Tomasi Boginiso, Nasinu

How was it possible that stolen cars from New Zealand were not detected in New Zealand, but were discovered in Fiji by our very own Fiji Revenue and Customs Service.

What a job well done.

Maybe they have gone through before, but with discovery I believe it might never come our way again.

Because Fiji is the hub of the Pacific a lot of illegal goods should be expected by our FRCS officers ,

But a job well done and Vinaka Vakalevu.

Levuka Museum

Satish Nakched, Suva

Museums determine who their target visitors will be and create a theme and design that will appeal to the general public.
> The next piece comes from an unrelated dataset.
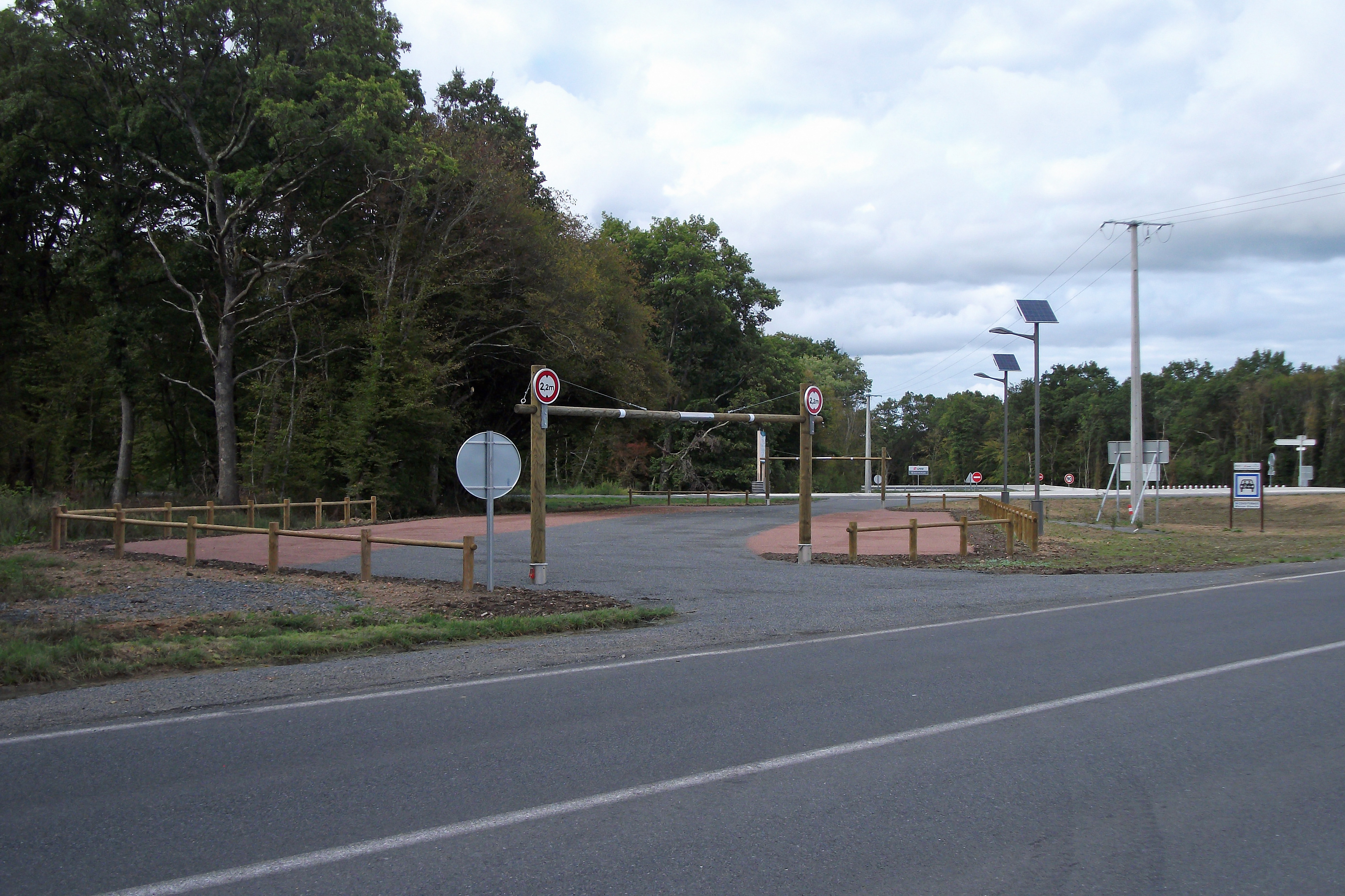 Maison Blanche (White House) car sharing parking in Espinasse-Vozelle, Allier, Auvergne, France, inaugurated September 18, 2015 [9129]

It is important to craft an experience that makes people talk about the museum visit because referrals are the best way to advertise. Such is the town of Levuka, where the entire township’s buildings can be classified as the only living museum, probably in the world, that have buildings and structures dating back to 1877 and earlier which now are under the protection of UNESCO as a World Heritage site.

One such building is the old Morris Hedstroms store that houses the Levuka Community centre together with a museum and the space is also shared by the library.

Morris Hedstroms started business in 1868 by two former entrepreneur students of Levuka Public School and proudly stands in its original state to this day.

For any first-time visitors the Levuka museum is a must to stop by for information and viewing of the old artefacts that gave birth to the nation.

Being in the UNESCO World heritage listing elevates Levuka to another level with the other elite world heritage sites and the visitors flock to this sleepy township to enjoy the antiques.

However, this is met with a lot of disappointment when one enters the Levuka Museum to see the deteriorating place.

The interior of the museum is dusty, very humid and exposed to noise that emanates from the EFL power generator next door.

There is no automated fire fighting equipment installed in the building and the portable fire extinguishers are all kept under the receptionist’s front desk and were last serviced in 2015.

The staff are inadequately trained in basic firefighting and should a blaze start the whole place will be destroyed in record time because of the high fire load status and the ever-blowing southeasterly winds. Is the museum building is not OHS compliant, including the spacious rear Bond House where the floor and the wall boards can collapse anytime and the hazards are very dangerous?

The so-called garden beside the museum has large open water chambers, broken beer bottles and the weeds are knee high in height. This garden houses the exhibits of the first electric power station of the nation and the manual-aided push carts that were used in the 18th century at the Queen’s Wharf, which gave birth to the automotive industry in Fiji.

I believe that this centre must be closed for public safety and probably could be the worst kept heritage site in the UNESCO listing. All the library paper repositories have faded because of extreme heat exposure and may not last very long unless immediate and drastic action is taken by the National Trust of Fiji, who are the custodians of the premise mandated under the Heritage Decree 2012.

The National Trust of Fiji is obliged under the decree and the World Heritage Convention to manage the significance of the place to the world heritage values and status and that is now long overdue.

The place needs a major renovation and the ministry concerned must without any delay act in order to preserve this for future generations and the world to enjoy.

The only positive for the Levuka museum is the friendly faces of the hard-working staff operating under extreme conditions and who never fail to inspire and equip the visitors with their excellent knowledge of history.